RECORDED INFORMATION START
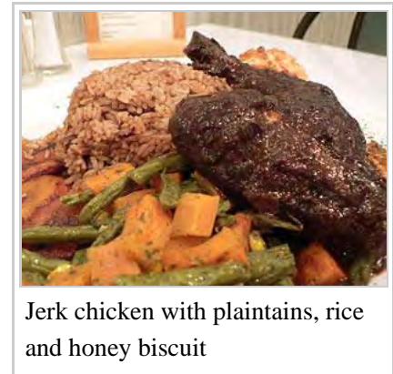
Jerk chicken with plantains, rice and honey biscuit

This region comprises the cultures of the Arawaks, the Caribs, and the Ciboney. The Taíno of the Greater Antilles were the first New World people to encounter Columbus. Prior to European contact, these groups foraged, hunted, and fished. The Taíno cultivated cassava, sweet potato, maize, beans, squash, pineapple, peanut, and peppers. Today these groups have mostly vanished, but their culinary legacy lives on.
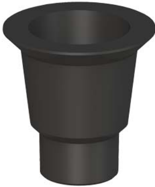
Pipe adapter, for mounting on pipes, black, accessories for built-in lamps, with diameter 70 mm
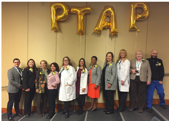
YNHH's Nurse Residency Program earned accreditation with distinction.
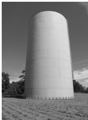
1.0 MG tank in Wells

Hybridizing the system has been a resounding success and should allow KK&W to meet its expected demand for the next twenty years.
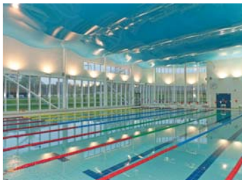
A 25m pool and a Shokk gym will be among the centre's new facilities
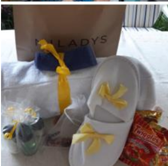
Below: Kyalami Anns made up Care parcels for the staff at Dolphins Acres and Christmas Hampers for New Life Centre for Girls. Both were much appreciated. The Anns enjoyed seeing happy faces as the gifts were delivered.
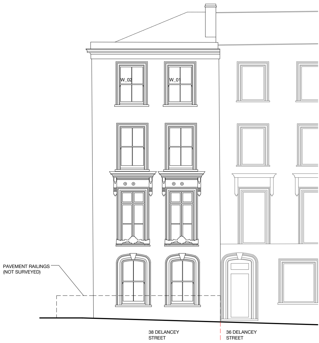
01 PROPOSED SOUTH-EAST ELEVATION 22-01 SCALE 1:100
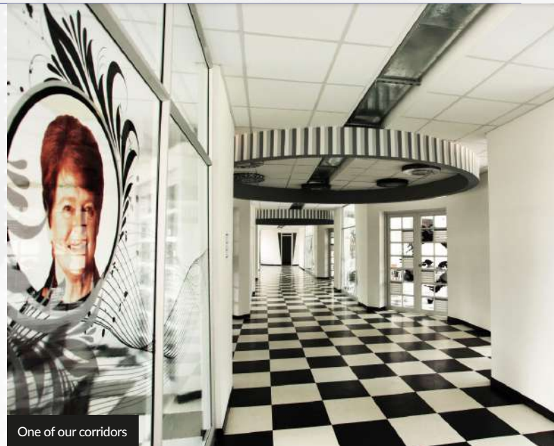
One of our corridors
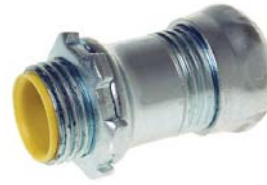
Insulated Throat Connectors Steel
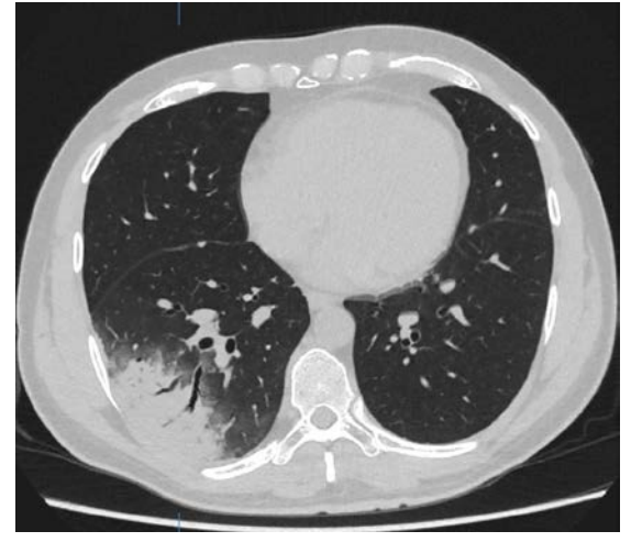
Fig. 5 – Axial thin-section unenhanced computed tomography (CT) scan shows right unilateral consolidation with air bronchogram with peripheral distribution in the right lower lobe.
RECORDED INFORMATION END
● **YOUR TASK**:
The answer should be one number: how many lines in the listing above contain "with".

● **YOUR RESPONSE**:
4